>>>>
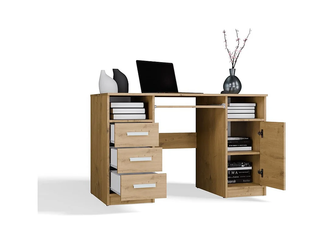 Biurko ADA | Dąb Artisan |4 Szuflady Szafka Pólki | 125x55x75 cm | Do Biura/Pokoju
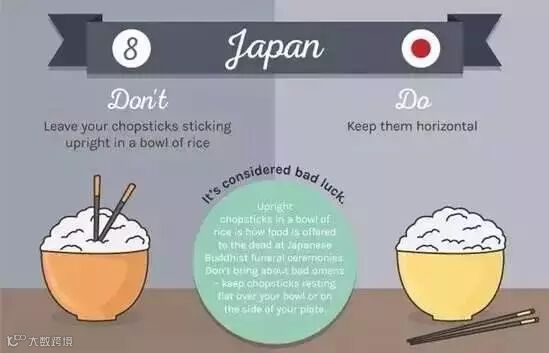 不要把筷子插在饭上面。只有在佛事上,供奉给死者的米饭上才能插筷子,这被认为是很晦气的事。 ( 当然,在中国也是这样要求的,也许是对中国文化延续的结果 )
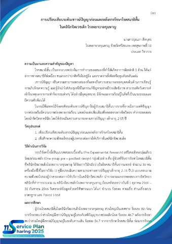 การวิจัยครั้งนี้เป็นแบบทดลองเบื้องต้น (Pre Experimental Research) เปรียบเทียบกลุ่มเดียว
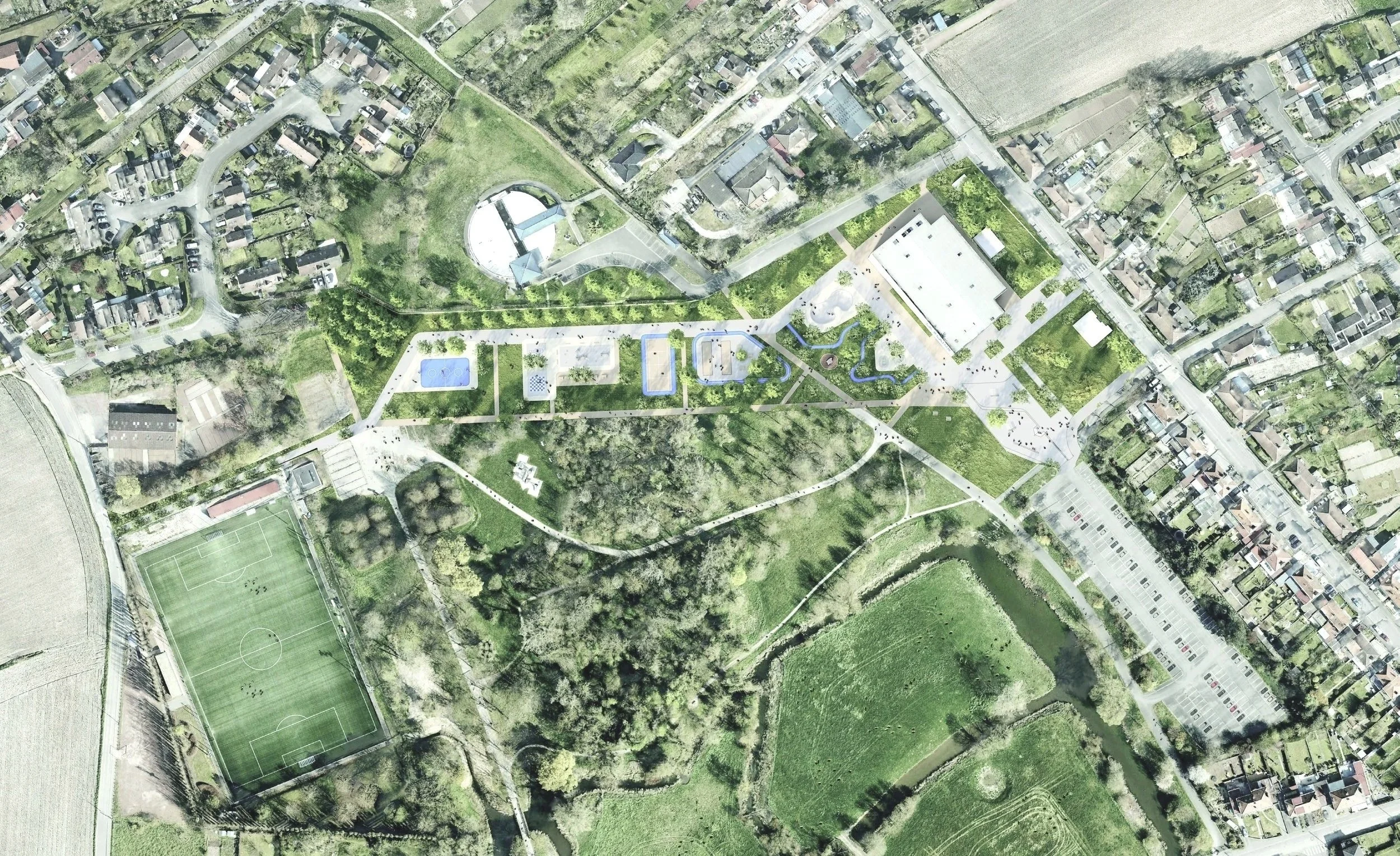 Le site de la plaine de jeux se situe à l’intersection de l’espace urbain et de l’espace naturel, constituant un lieu stratégique de transition entre ces deux milieux habituellement distincts. Il s’intègre comme un maillon dans un réseau nord-sud reliant des points clés du centre-ville — la gare, la mairie, le futur cœur de ville, le parc des Ansereuilles — à la Deûle.
<<<<
**The problem:**
With pictures excluded, output the listing above exactly as it stands.

**Result for this exercise:**
 Biurko ADA | Dąb Artisan |4 Szuflady Szafka Pólki | 125x55x75 cm | Do Biura/Pokoju
 不要把筷子插在饭上面。只有在佛事上,供奉给死者的米饭上才能插筷子,这被认为是很晦气的事。 ( 当然,在中国也是这样要求的,也许是对中国文化延续的结果 )
 การวิจัยครั้งนี้เป็นแบบทดลองเบื้องต้น (Pre Experimental Research) เปรียบเทียบกลุ่มเดียว
 Le site de la plaine de jeux se situe à l’intersection de l’espace urbain et de l’espace naturel, constituant un lieu stratégique de transition entre ces deux milieux habituellement distincts. Il s’intègre comme un maillon dans un réseau nord-sud reliant des points clés du centre-ville — la gare, la mairie, le futur cœur de ville, le parc des Ansereuilles — à la Deûle.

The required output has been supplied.